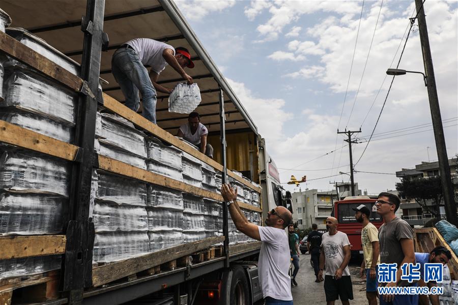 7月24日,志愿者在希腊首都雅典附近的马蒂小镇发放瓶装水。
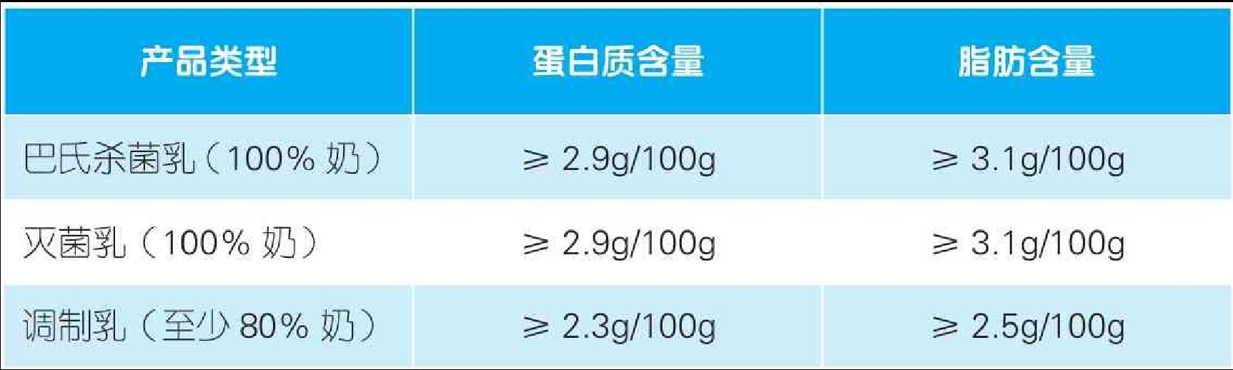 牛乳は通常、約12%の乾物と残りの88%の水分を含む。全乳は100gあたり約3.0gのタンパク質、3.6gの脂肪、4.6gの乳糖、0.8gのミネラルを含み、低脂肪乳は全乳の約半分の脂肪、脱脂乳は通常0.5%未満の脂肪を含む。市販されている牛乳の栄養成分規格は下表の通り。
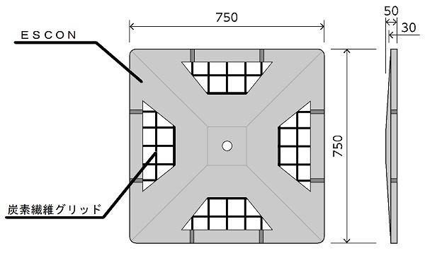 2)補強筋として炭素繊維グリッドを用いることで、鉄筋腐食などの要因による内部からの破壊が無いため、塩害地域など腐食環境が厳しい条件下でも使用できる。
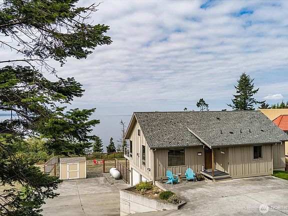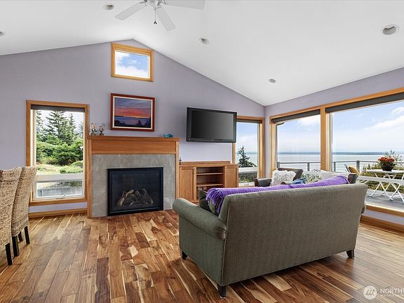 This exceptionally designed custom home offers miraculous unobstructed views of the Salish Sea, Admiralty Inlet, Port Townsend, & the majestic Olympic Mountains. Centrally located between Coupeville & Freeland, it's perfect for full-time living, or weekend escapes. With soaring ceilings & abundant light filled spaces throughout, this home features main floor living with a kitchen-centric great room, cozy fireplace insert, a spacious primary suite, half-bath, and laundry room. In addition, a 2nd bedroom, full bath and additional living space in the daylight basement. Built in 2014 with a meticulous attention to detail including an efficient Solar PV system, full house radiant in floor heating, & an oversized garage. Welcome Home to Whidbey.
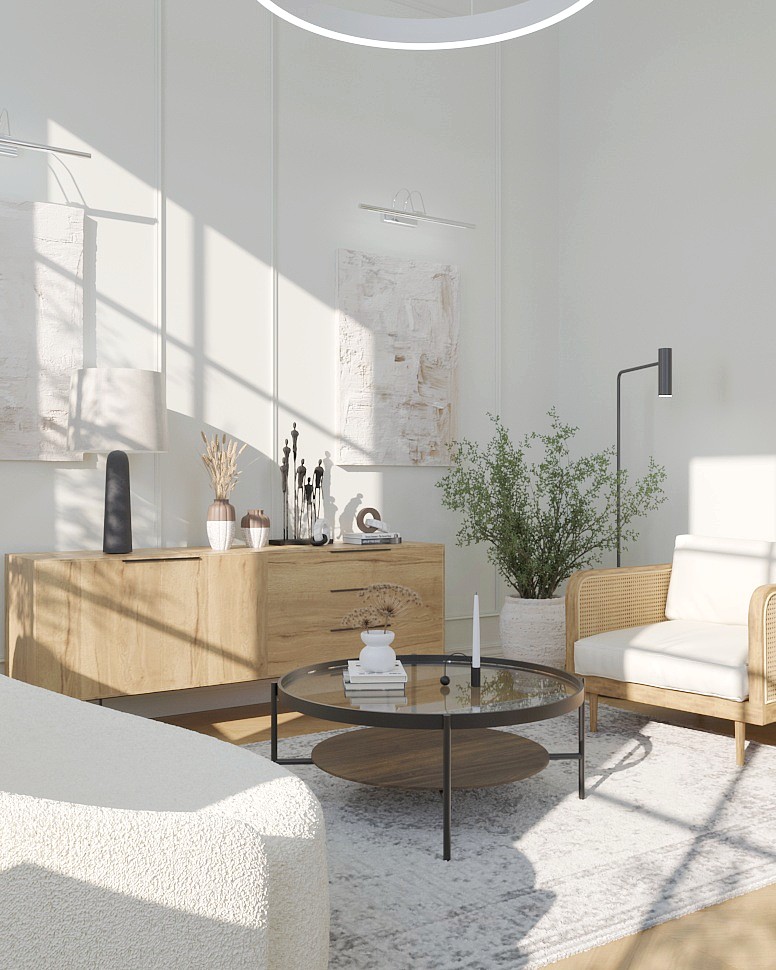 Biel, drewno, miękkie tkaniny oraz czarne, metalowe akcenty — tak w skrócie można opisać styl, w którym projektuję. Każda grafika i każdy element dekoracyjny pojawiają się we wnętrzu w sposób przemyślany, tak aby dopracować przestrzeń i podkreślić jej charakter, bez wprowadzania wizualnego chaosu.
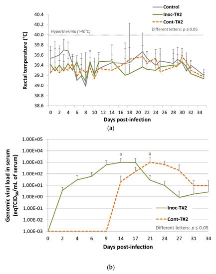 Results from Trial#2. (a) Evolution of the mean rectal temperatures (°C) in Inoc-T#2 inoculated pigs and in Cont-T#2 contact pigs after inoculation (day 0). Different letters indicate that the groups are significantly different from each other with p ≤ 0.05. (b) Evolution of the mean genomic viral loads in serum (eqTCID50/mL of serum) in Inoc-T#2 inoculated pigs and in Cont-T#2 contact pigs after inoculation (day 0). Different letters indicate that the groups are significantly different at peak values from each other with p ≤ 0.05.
------
**REQUIRED WORK:** Write the listing above out again word for word, excluding all images.

**SOLUTION:**
 7月24日,志愿者在希腊首都雅典附近的马蒂小镇发放瓶装水。
 牛乳は通常、約12%の乾物と残りの88%の水分を含む。全乳は100gあたり約3.0gのタンパク質、3.6gの脂肪、4.6gの乳糖、0.8gのミネラルを含み、低脂肪乳は全乳の約半分の脂肪、脱脂乳は通常0.5%未満の脂肪を含む。市販されている牛乳の栄養成分規格は下表の通り。
 2)補強筋として炭素繊維グリッドを用いることで、鉄筋腐食などの要因による内部からの破壊が無いため、塩害地域など腐食環境が厳しい条件下でも使用できる。
 This exceptionally designed custom home offers miraculous unobstructed views of the Salish Sea, Admiralty Inlet, Port Townsend, & the majestic Olympic Mountains. Centrally located between Coupeville & Freeland, it's perfect for full-time living, or weekend escapes. With soaring ceilings & abundant light filled spaces throughout, this home features main floor living with a kitchen-centric great room, cozy fireplace insert, a spacious primary suite, half-bath, and laundry room. In addition, a 2nd bedroom, full bath and additional living space in the daylight basement. Built in 2014 with a meticulous attention to detail including an efficient Solar PV system, full house radiant in floor heating, & an oversized garage. Welcome Home to Whidbey.
 Biel, drewno, miękkie tkaniny oraz czarne, metalowe akcenty — tak w skrócie można opisać styl, w którym projektuję. Każda grafika i każdy element dekoracyjny pojawiają się we wnętrzu w sposób przemyślany, tak aby dopracować przestrzeń i podkreślić jej charakter, bez wprowadzania wizualnego chaosu.
 Results from Trial#2. (a) Evolution of the mean rectal temperatures (°C) in Inoc-T#2 inoculated pigs and in Cont-T#2 contact pigs after inoculation (day 0). Different letters indicate that the groups are significantly different from each other with p ≤ 0.05. (b) Evolution of the mean genomic viral loads in serum (eqTCID50/mL of serum) in Inoc-T#2 inoculated pigs and in Cont-T#2 contact pigs after inoculation (day 0). Different letters indicate that the groups are significantly different at peak values from each other with p ≤ 0.05.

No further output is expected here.